I don't have to worry about the rent going up every year / six-months. If I plan to own the house for multiple years, a large chunk of my money goes to equity: I'm banking away value for later that you will get back when you sell the house. (Assuming the market doesn't go pear-shape: a big assumption.) In contrast, money you spend on rent is a pure cost, and irrevocably lost.

There are several "rent vs buy" calculators that can visualize (based on interest rates and rent vs mortgage costs) the crossover point where it's cheaper than it is to rent for X years, and what it does for your net worth. For me, it appears that about 2-3 years of owning will be a break-even point, and less if my rent would have increased.

In my case, the mortgage on a house (3 bedroom) + yard + garage, with a nice kitchen, was about $100 more per month than a cramped, 2 bedroom apartment with a miniscule (and poorly designed) kitchen, no space for the kids to run around, and not enough space to even unpack our stuff.

I OWN IT. Until you've owned one, it's possible you might not fully comprehend this double-edged sword.

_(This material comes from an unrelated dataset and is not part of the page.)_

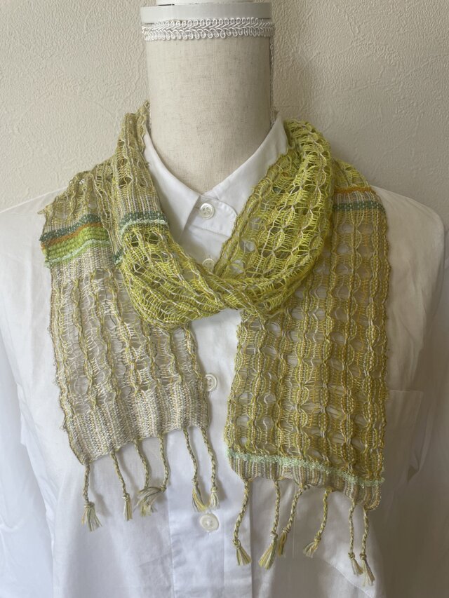 コットンとリネンの透かし織りミニマフラーです。軽くて涼しげな肌触りです。

I can paint the walls, break the walls, rip up the floor, put in a new mailbox, take out the trees I don't like. There's nearly nothing that keeps me from renting out a bedroom to a friend, or letting the in-laws stay for a week. If I want to mount a swamp cooler outside my window, I can, or turn my garage into an archery range.

There are downsides, too. As an owner, you risk that the market will fall out from under you. It's harder to move, as you have this limbo of not being able to buy a house until you've sold the previous one. (I haven't figured out how to make this not suck. Same goes from transitioning from a lease to ownership.) I have to mow the lawn, make sure the garden is watered. The utilities are a bit more expensive.

Also, as a homeowner, you tend to accumulate More Crap, since you have more space to fill.

All of this is worth it, though, as I do not worry about whether it's OK to paint my kids' rooms, or tear out a ceiling fan that I hate, or stain the deck a different color, or completely redo the landscaping. When someone (me, or the kids) busts a hole in a wall by accident, I think "Dangit, I have to fix that..." rather than "well, there goes my security deposit".

I'm sure that a big part of the appeal of home ownership is that our parents valued it, but I feel like there's a real intrinsic value to it as well. Consider surveying your friends who have owned + also rented, and ask them about the things they like or dislike about it.



>>If I plan to own the house for multiple years, a large chunk of my money goes to equity: I'm banking away value for later that you will get back when you sell the house. (Assuming the market doesn't go pear-shape: a big assumption.) In contrast, money you spend on rent is a pure cost, and irrevocably lost.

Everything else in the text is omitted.